Montenegrin First League of Women's Handball
- Sport: Handball
- Founded: 2006
- Founder: Handball Federation of Montenegro
- No. of teams: 6
- Country: Montenegro
- Continent: Europe
- Most recent champion: Budućnost
- Most titles: Budućnost (16 titles in independent Montenegro, 34 overall)
- Broadcaster: RTCG
- International cups: Champions League EHF Cup Challenge Cup
- Website: Montenegrin Handball Federation

= Montenegrin First League of Women's Handball =

The Montenegrin First League of Women's Handball is the top women's team handball league in Montenegro. It is organised by the Handball Federation of Montenegro.

==History==

===Before independence===
Since 2006, Montenegrin women's handball clubs played in the competitions of SFR Yugoslavia, FR Yugoslavia and Serbia and Montenegro. Most successful was ŽRK Budućnost Podgorica, who gained 18 champion titles in Yugoslav championship, with three European trophies (1985, 1986, 2006). Budućnost was most successful Yugoslav handball club, and except them, in the Yugoslav First League played ŽRK Danilovgrad.

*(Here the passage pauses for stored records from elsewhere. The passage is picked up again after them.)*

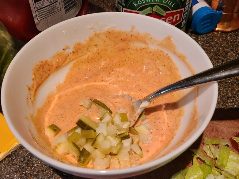The fancy sauce recipe I’ve been playing around with uses the basic elements as a foundation, and adds some new, complimentary flavors and textures that should give your burger and fry experience a tasty boost.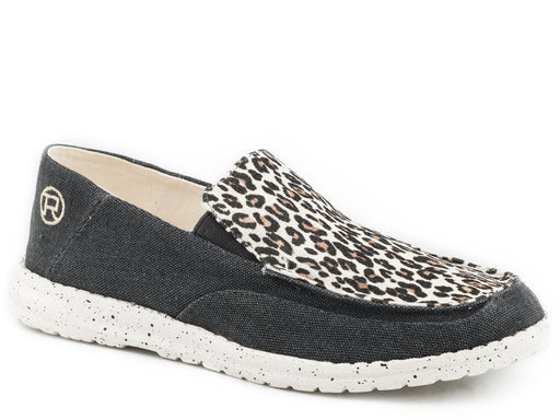 Roper Womens Black Fabric Hang Loose Slip On Leopard Loafer Shoes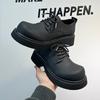 New Men's Black Casual Leather Shoes Big Head Mickey Derby Niche Low-top Thick-soled Heightening Men's Shoes 3208-A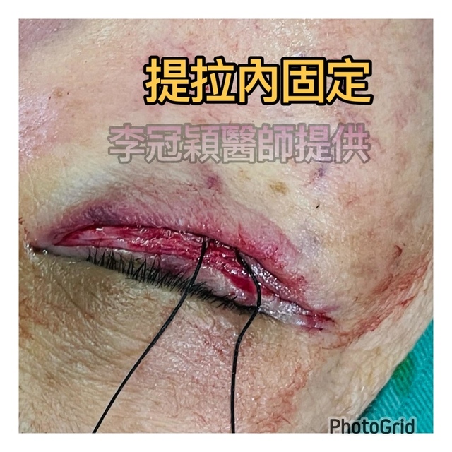 下圖:整體老化加重眼袋問題,治療老化下垂提升和眼袋回推跟修皮是完整根本治療!(三合一眼袋術)一週拆線當場。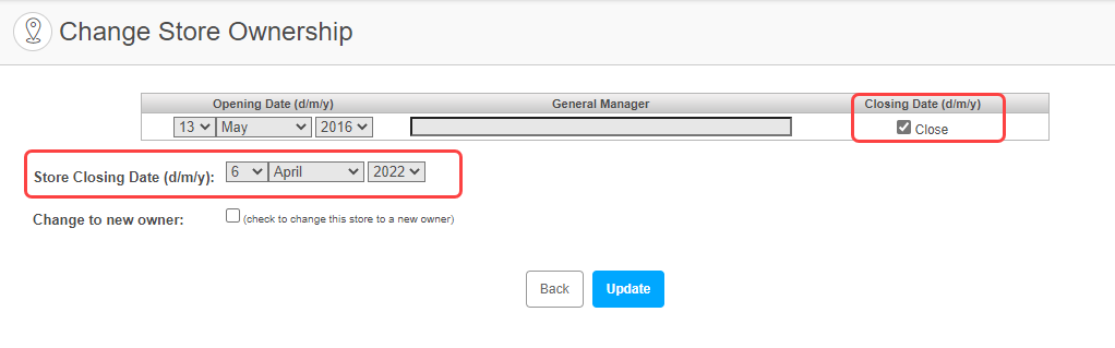 Once this Custom Field is activated you can close locations by adding a close date by clicking modify on the field: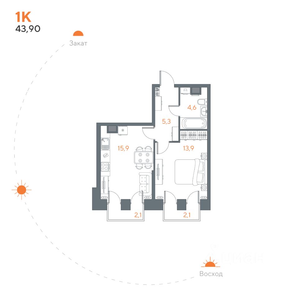 43 м² · Этаж 6 из 8

ŽRK Budućnost was the first Montenegrin team which participated in Yugoslav handball competitions for women. They debuted in the top-tier on season 1981-82 and soon after that begun era of their huge successes. After hard struggle with RK Radnički from Belgrade, ŽRK Budućnost won their first ever title on season 1984–85. Four years later, they won another title, defended next season. After the 1990-91 edition, finished with sensational trophy winning by ŽRK Lokomotiva Zagreb, team from Podgorica was the title holder in the last season of SFR Yugoslavia league (1991–92).

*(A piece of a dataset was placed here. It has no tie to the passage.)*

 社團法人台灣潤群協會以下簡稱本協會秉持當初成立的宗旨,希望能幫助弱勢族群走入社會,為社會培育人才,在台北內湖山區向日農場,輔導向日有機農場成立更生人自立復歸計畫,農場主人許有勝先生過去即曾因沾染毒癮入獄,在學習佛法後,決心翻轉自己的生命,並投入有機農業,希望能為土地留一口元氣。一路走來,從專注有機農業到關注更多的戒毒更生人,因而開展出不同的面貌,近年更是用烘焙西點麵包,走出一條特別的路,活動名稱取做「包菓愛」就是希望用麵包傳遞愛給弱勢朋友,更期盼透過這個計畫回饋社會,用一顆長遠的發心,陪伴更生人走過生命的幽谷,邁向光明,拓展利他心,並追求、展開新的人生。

Below is the list of all-time participants of Montenegrin clubs in the First League of SFR Yugoslavia.

| Club | 82 | 83 | 84 | 85 | 86 | 87 | 88 | 89 | 90 | 91 | 92 |
|---|---|---|---|---|---|---|---|---|---|---|---|
| Budućnost | 9 | 10 | 2 | 1 | 3 | 2 | 2 | 1 | 1 | 2 | 1 |
| Danilovgrad | - | - | - | 12 | - | 12 | - | - | - | - | - |

In FR Yugoslavia / Serbia and Montenegro, ŽRK Budućnost dominated during the every single season, so they won 14 consecutive titles (1992–93, 1993-1994, 1994–95, 1995–96, 1996–97, 1997–98, 1998–99, 1999-00, 2000–01, 2001–02, 2002–03, 2003–04, 2004–05 and 2005–06).

===After independence===
Soon after the Montenegrin independence referendum, Handball Federation of Montenegro founded its own competitions, with the First League as a top-tier competition for women. The league have two phases. In the first (regular season) participate six teams. Best three squads from regular season are qualifying for the final phase, together with ŽRK Budućnost Podgorica, who's not participant of the first phase.

During the history, ŽRK Budućnost was strongly dominant side, won every single trophy of national champion.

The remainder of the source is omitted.